The end-market demand has become dependent on low ISPs. Also, multi c-Si based modules are dominating the industry. PV equipment suppliers are unlikely to see meaningful new order intake until 2014 or beyond. Finally, trade wars and domestic protectionism measures are crucially dependent on the EU and China decisions in 2013.
Ms. Fatima Toor, analyst, Lux Research, recently presented on opportunities in turbulent PV equipment market, in association with SEMI, USA.
Global PV market trends
Bankruptcies are galore. Eg. Solyndra, Abound Solar, Konarka, etc. Global trade wars are also on the rise. There are US tariffs on Chinese solar cells. There is also an EU investigation on Chinese solar panels. Then, there are Chinese investigations on US, EU and Korean polysilicon dumping. Government incentives have been lowered in the EU, but raised in Asia and Americas. Following Barack Obama’s re-election in the US, the environmentalists are again upbeat about green energy.
Global PV demand increase will be driven by Asia and Americas in the coming years. Emerging markets will grow over six times in size from 2011-2017. Crystalline Si will be the dominant installed PV technology, at least till 2017. Gap between demand and supply will close.
The Q3-12 geographical capacity distribution would be across PV value chain. China leads in polysilicon, cells and modules supply. Chinese equipment manufacturers market share has been on the rise, ramping up competition for Western equipment suppliers.
Lux Research sampled 493 PV manufacturers. Of these, 40 percent are based in the EU, 28 percent are based in China, 17 percent are in the US and 15 percent are in the Rest of the World.
Opportunities for equipment manufacturers in current market state
Cost, efficiency and price are fundamental drivers of PV industry. Innovations across the value chain will enable higher margins for PV industry. The desire for cell and module manufacturers to reduce costs and differentiate will drive opportunities for equipment manufacturers.
Crystalline Si technology: Innovations across crystalline Si value chain would enable opportunities for equipment suppliers. Fluidized bed reactor (FBR) process requires 10 lWh/kg and is a continuous process. Why is FBR only 6 percent of total polysilicon capacity today? The reasons are:
* No off-the-shelf FBR reactors are available.

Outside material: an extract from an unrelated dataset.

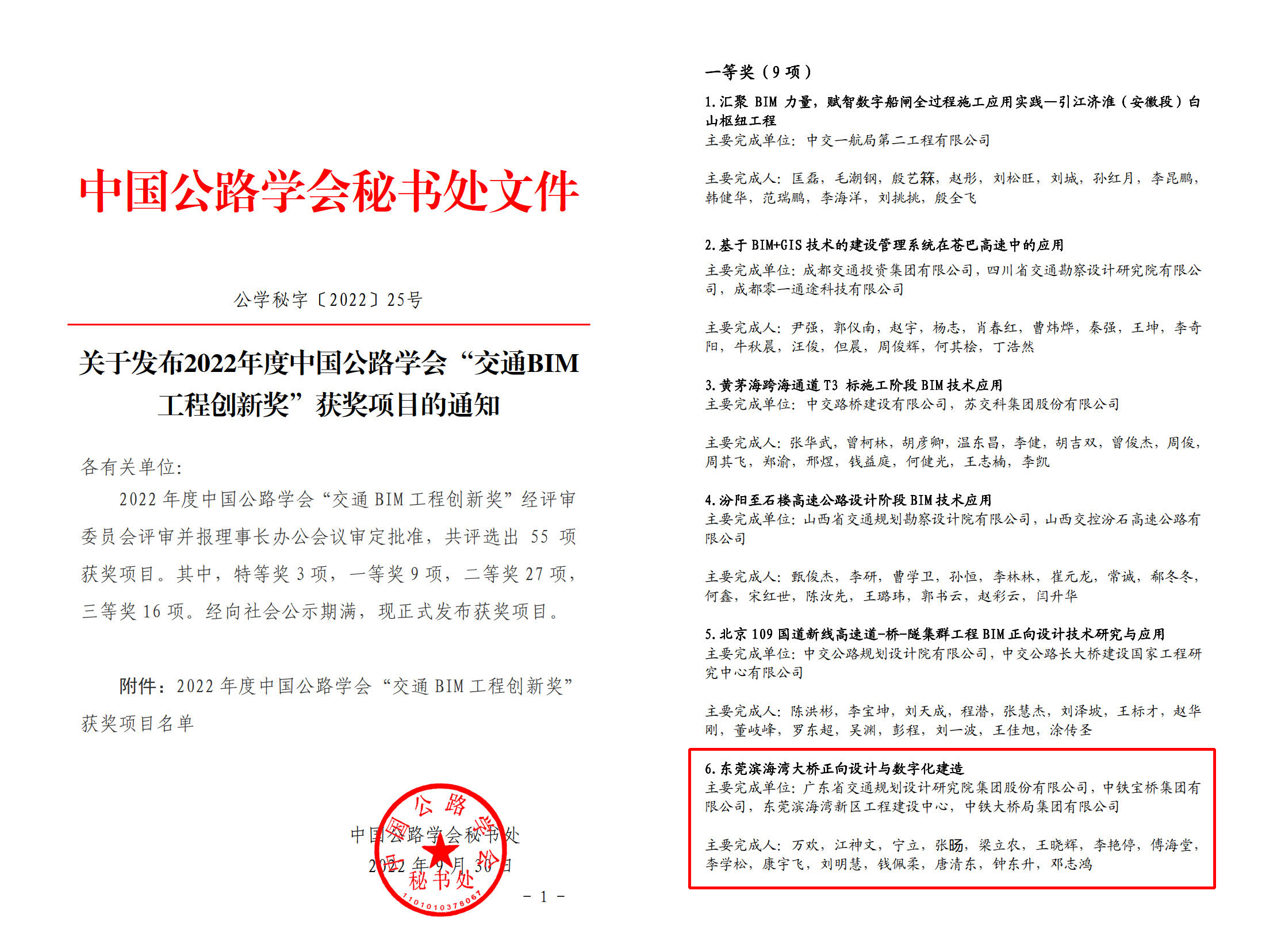近日,2022年度中國公路學(xué)會(huì)“交通BIM工程創(chuàng)新獎(jiǎng)”評審結(jié)果公布。經(jīng)專家初審和復(fù)審答辯,集團(tuán)《濱海灣大橋正向設(shè)計(jì)與數(shù)字化建造》項(xiàng)目從全國四大交通領(lǐng)域200余個(gè)參評項(xiàng)目的激烈競爭中脫穎而出,榮獲一等獎(jiǎng),是一等獎(jiǎng)中唯一的市政項(xiàng)目。自去年《黃茅??绾Mǖ拦こ?span>A1標(biāo)設(shè)計(jì)BIM技術(shù)研究》項(xiàng)目獲獎(jiǎng)后,集團(tuán)再次榮獲該獎(jiǎng)項(xiàng)一等獎(jiǎng)。

* Process complexity requires that Si granules can be polluted by impurities.
* There is an opportunity for equipment manufacturers to develop off-the-shelf FBR equipment that will enable reduced production costs for polysilicon.
* GCL announced developing its FBR technology.
* Samsung Fine Chemicals and MEMC have partnered to set up FBR polysilicon production due to its lower production costs.
Monocrystalline silicon (c-Si) ingot growth using Czochralski (CZ) method is high cost and results in pseudo-square c-Si wafers. Plate seed for qc-Si ingot growth with mc-Si grains on the edges and c-Si in the middle. ReneSola has technology with wafer capacity of 2GW of which 1.6GW is qc-Si Virtus wafers and 0.4GW are c-Si wafers. ReneSola is likely to be one of the Chinese companies to survive the shakeout due to its strategy and technology.
Opportunities exist to optimize qc-Si ingot growth. Modified directional solidification (DS) furnace makers claim 90 percent c-Si and 10 percent mc-Si yields during qc-Si ingot growth. In reality, 60 percent c-Si and 40 percent mc-Si results in high wafer binning and sorting costs. This provides an opp for equipment manufacturers to improve the c-Si yield to higher than 90 percent. The Qc-Si capacity is likely to increase in the coming years as DS furnace manufacturers innovate.